We resize the images to a standard width to ensure they will fit on our screen, and then put the label text on the image (Lines 40-42).
Finally, on Lines 45, we display the output image until a key has been pressed (Line 46).
Let’s give our Not Santa deep learning network a try:
$ python test_network.py --model santa_not_santa.model \ --image examples/santa_01.png
By golly! Our software thinks it is good ole’ St. Nick, so it really must be him!
Let’s try another image:
$ python test_network.py --model santa_not_santa.model \ --image examples/santa_02.png
Santa is correctly detected by the Not Santa detector and it looks like he’s happy to be delivering some toys!
Now, let’s perform image classification on an image that does not contain Santa:
$ python test_network.py --model santa_not_santa.model \ --image examples/manhattan.png
2020-06-03 Update: The image of the Manhattan skyline is no longer included in the “Downloads.” Updating this blog post to support TensorFlow 2+ led to a misclassification on this image. This figure remains in the post for legacy demonstration purposes, just realize that you won’t find it in the “Downloads.”
It looks like it’s too bright out for Santa to be flying through the sky and delivering presents in this part of the world yet (New York City) — he must still be in Europe at this time where night has fallen.
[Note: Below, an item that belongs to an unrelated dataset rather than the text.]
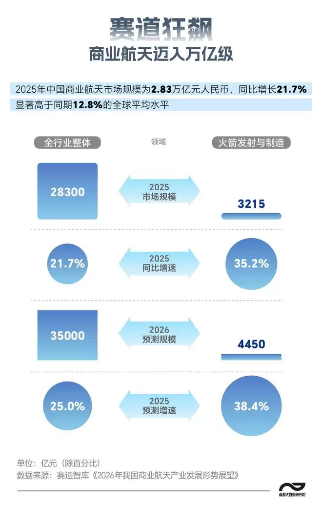从整体规模看,中国商业航天正处于加速扩张阶段。2025年,中国商业航天市场规模达2.83万亿元,同比增长21.7%,显著高于同期12.8%的全球平均水平。其中火箭发射与制造细分市场规模达3215亿元,同比增长35.2%,是增速最快的领域之一。赛迪智库预测,2026年该细分市场规模将达4450亿元,增速进一步攀升至38.4%。

Speaking of the night and Christmas Eve, here is an image of a cold night sky:
$ python test_network.py --model santa_not_santa.model \ --image examples/night_sky.png
But it must be too early for St. Nicholas. He’s not in the above image either.
But don’t worry!
As I’ll show next week, we’ll be able to detect him sneaking down the chimney and delivering presents with a Raspberry Pi.
Limitations of our deep learning image classification model
There are a number of limitations to our image classifier.
The first one is that the 28×28 pixel images are quite small (the LeNet architecture was originally designed to recognize handwritten digits, not objects in photos).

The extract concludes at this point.